**Given records**
=== Section Start ===

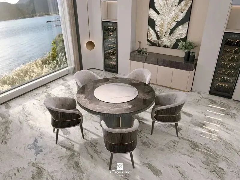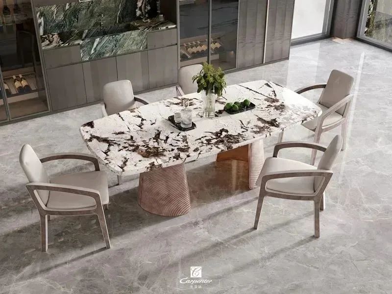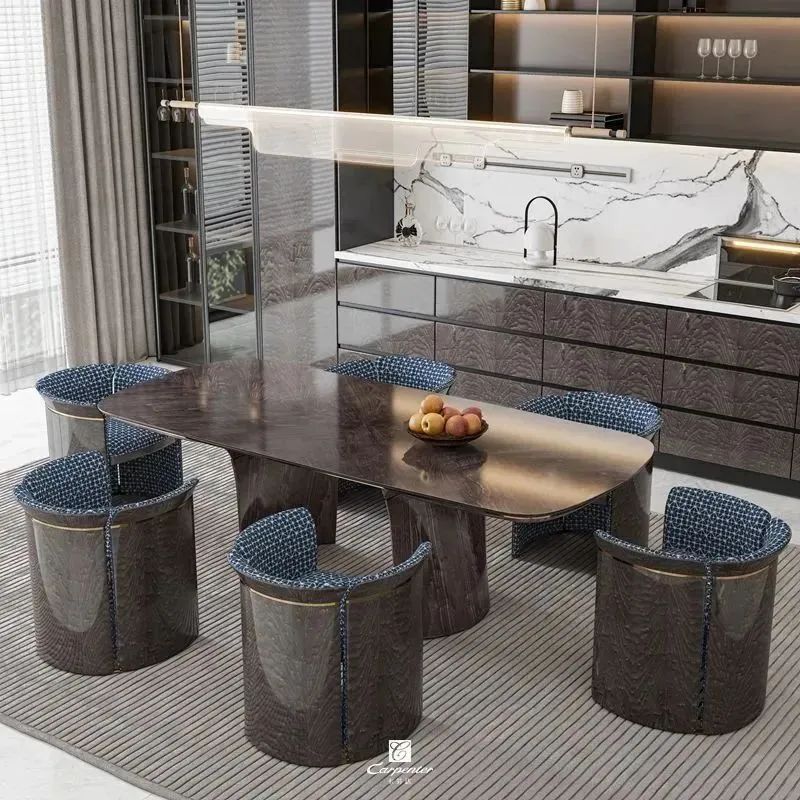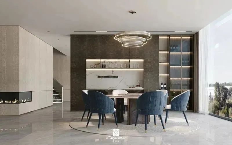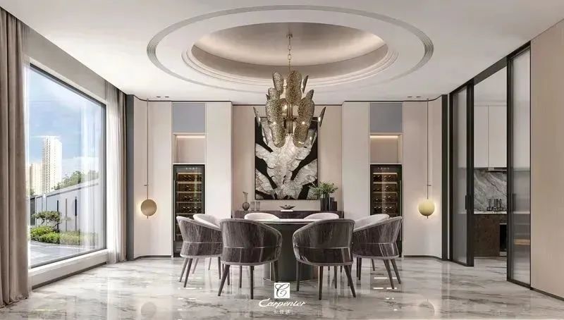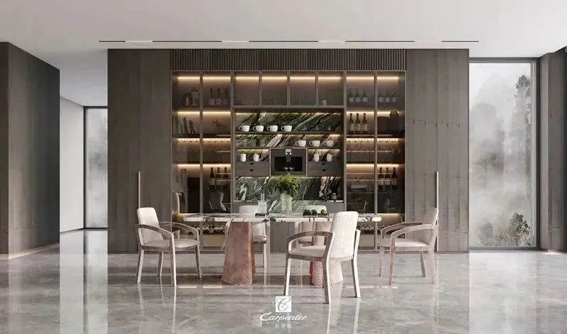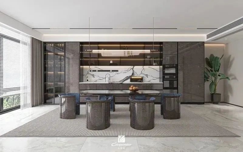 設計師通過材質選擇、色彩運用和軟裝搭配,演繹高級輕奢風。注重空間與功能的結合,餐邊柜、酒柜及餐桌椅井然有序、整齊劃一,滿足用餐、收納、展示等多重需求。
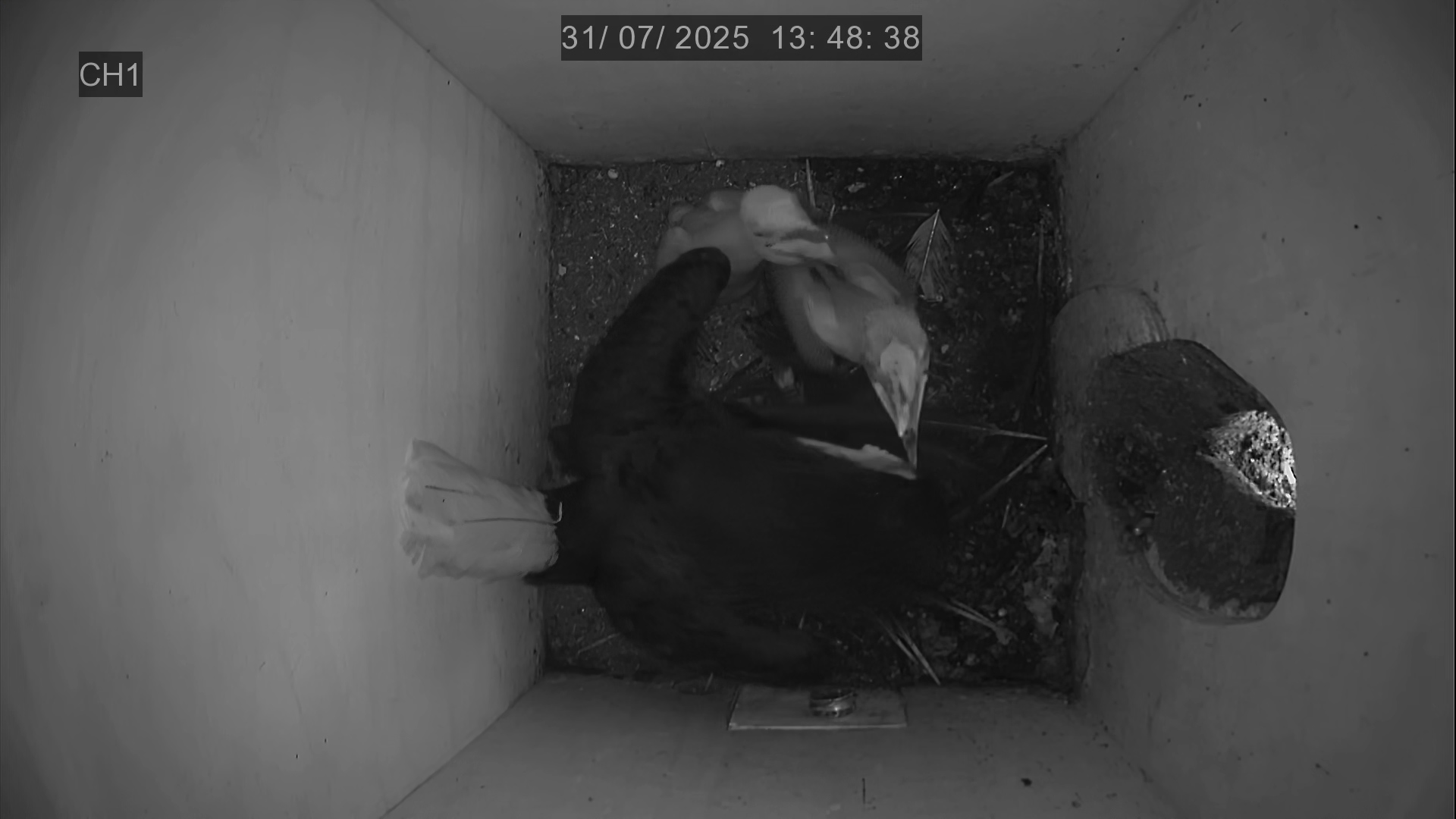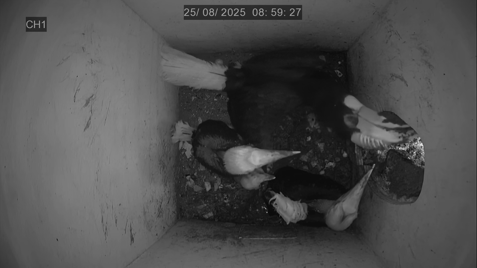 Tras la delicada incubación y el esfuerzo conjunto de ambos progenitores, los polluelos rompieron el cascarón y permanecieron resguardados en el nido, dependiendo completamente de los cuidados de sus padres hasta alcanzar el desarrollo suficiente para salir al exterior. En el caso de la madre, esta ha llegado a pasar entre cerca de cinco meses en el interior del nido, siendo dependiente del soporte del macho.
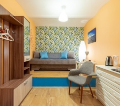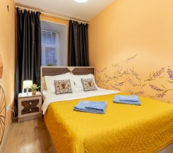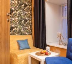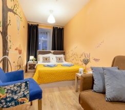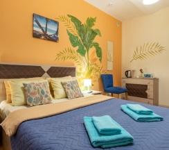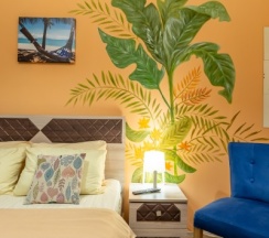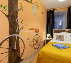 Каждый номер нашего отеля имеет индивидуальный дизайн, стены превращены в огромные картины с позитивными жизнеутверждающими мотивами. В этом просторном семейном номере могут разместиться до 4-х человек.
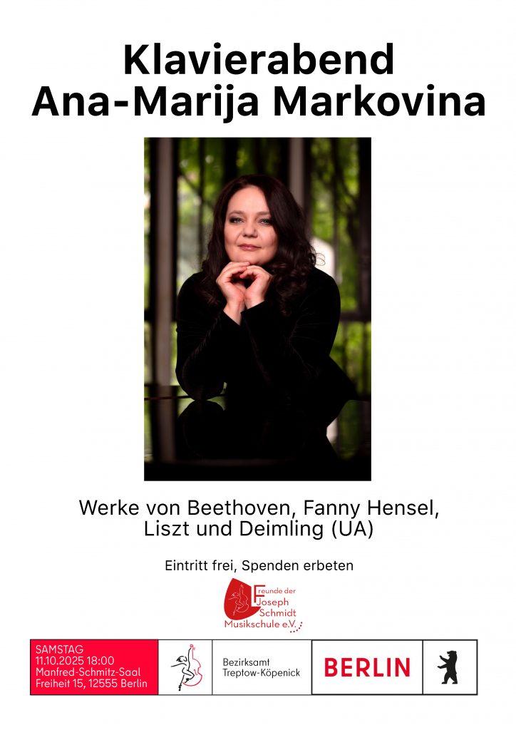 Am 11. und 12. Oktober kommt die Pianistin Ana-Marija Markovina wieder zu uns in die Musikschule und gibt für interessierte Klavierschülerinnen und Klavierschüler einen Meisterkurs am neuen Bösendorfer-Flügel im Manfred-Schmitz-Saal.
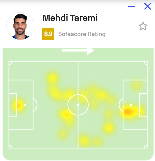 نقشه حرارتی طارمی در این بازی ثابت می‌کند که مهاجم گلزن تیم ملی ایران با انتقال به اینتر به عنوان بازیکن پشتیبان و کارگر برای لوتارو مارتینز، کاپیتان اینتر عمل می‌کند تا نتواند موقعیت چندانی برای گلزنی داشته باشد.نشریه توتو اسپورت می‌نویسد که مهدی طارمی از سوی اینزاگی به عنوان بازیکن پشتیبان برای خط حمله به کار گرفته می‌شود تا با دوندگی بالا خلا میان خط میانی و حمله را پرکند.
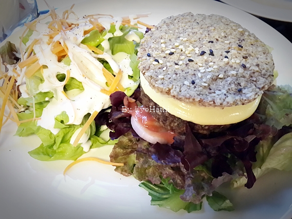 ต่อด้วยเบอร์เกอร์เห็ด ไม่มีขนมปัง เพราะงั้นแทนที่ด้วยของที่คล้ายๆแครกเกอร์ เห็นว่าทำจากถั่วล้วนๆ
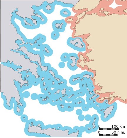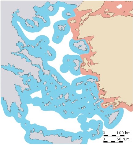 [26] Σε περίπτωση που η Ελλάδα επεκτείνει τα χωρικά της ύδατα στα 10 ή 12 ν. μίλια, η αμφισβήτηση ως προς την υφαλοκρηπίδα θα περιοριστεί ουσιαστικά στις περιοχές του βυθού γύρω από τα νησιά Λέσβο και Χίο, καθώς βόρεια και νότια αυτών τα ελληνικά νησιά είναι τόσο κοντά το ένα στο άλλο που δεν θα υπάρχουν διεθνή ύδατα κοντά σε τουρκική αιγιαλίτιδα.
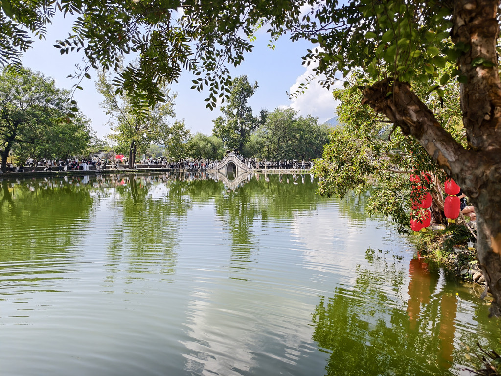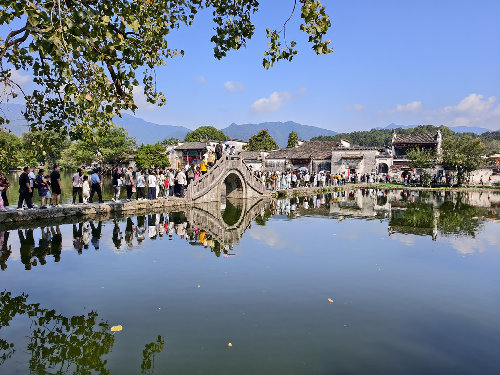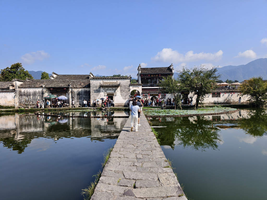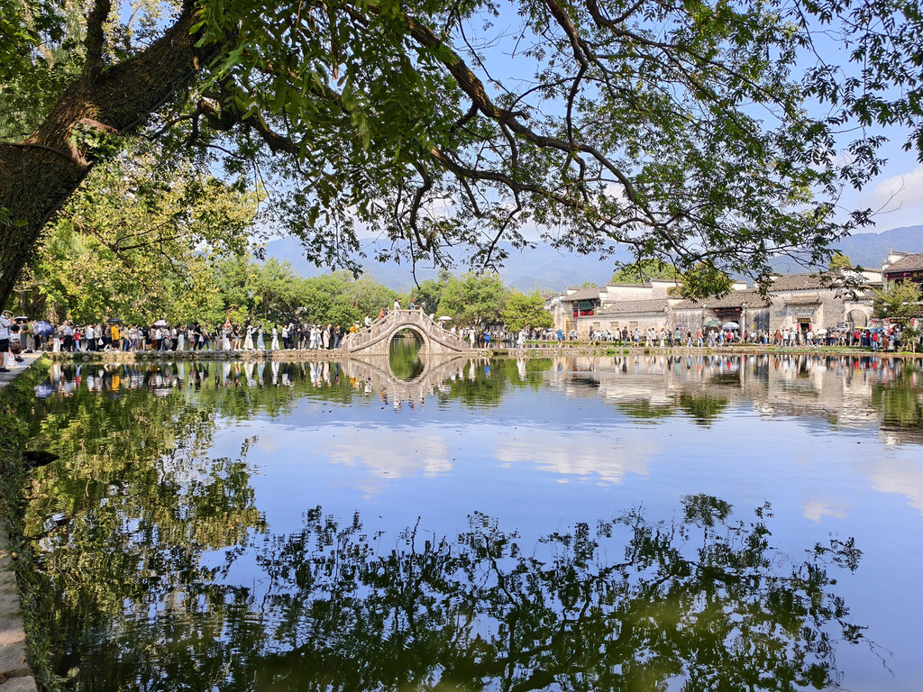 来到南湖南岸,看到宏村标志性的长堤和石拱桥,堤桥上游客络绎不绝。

=== Section End ===

**Work item**
Keep the pictures out of your copy. Copy only the lines from the line that holds "Tras la delicada" through the last line of the listing above, both included.

**Answer to this problem**
 Tras la delicada incubación y el esfuerzo conjunto de ambos progenitores, los polluelos rompieron el cascarón y permanecieron resguardados en el nido, dependiendo completamente de los cuidados de sus padres hasta alcanzar el desarrollo suficiente para salir al exterior. En el caso de la madre, esta ha llegado a pasar entre cerca de cinco meses en el interior del nido, siendo dependiente del soporte del macho.
 Каждый номер нашего отеля имеет индивидуальный дизайн, стены превращены в огромные картины с позитивными жизнеутверждающими мотивами. В этом просторном семейном номере могут разместиться до 4-х человек.
 Am 11. und 12. Oktober kommt die Pianistin Ana-Marija Markovina wieder zu uns in die Musikschule und gibt für interessierte Klavierschülerinnen und Klavierschüler einen Meisterkurs am neuen Bösendorfer-Flügel im Manfred-Schmitz-Saal.
 نقشه حرارتی طارمی در این بازی ثابت می‌کند که مهاجم گلزن تیم ملی ایران با انتقال به اینتر به عنوان بازیکن پشتیبان و کارگر برای لوتارو مارتینز، کاپیتان اینتر عمل می‌کند تا نتواند موقعیت چندانی برای گلزنی داشته باشد.نشریه توتو اسپورت می‌نویسد که مهدی طارمی از سوی اینزاگی به عنوان بازیکن پشتیبان برای خط حمله به کار گرفته می‌شود تا با دوندگی بالا خلا میان خط میانی و حمله را پرکند.
 ต่อด้วยเบอร์เกอร์เห็ด ไม่มีขนมปัง เพราะงั้นแทนที่ด้วยของที่คล้ายๆแครกเกอร์ เห็นว่าทำจากถั่วล้วนๆ
 [26] Σε περίπτωση που η Ελλάδα επεκτείνει τα χωρικά της ύδατα στα 10 ή 12 ν. μίλια, η αμφισβήτηση ως προς την υφαλοκρηπίδα θα περιοριστεί ουσιαστικά στις περιοχές του βυθού γύρω από τα νησιά Λέσβο και Χίο, καθώς βόρεια και νότια αυτών τα ελληνικά νησιά είναι τόσο κοντά το ένα στο άλλο που δεν θα υπάρχουν διεθνή ύδατα κοντά σε τουρκική αιγιαλίτιδα.
 来到南湖南岸,看到宏村标志性的长堤和石拱桥,堤桥上游客络绎不绝。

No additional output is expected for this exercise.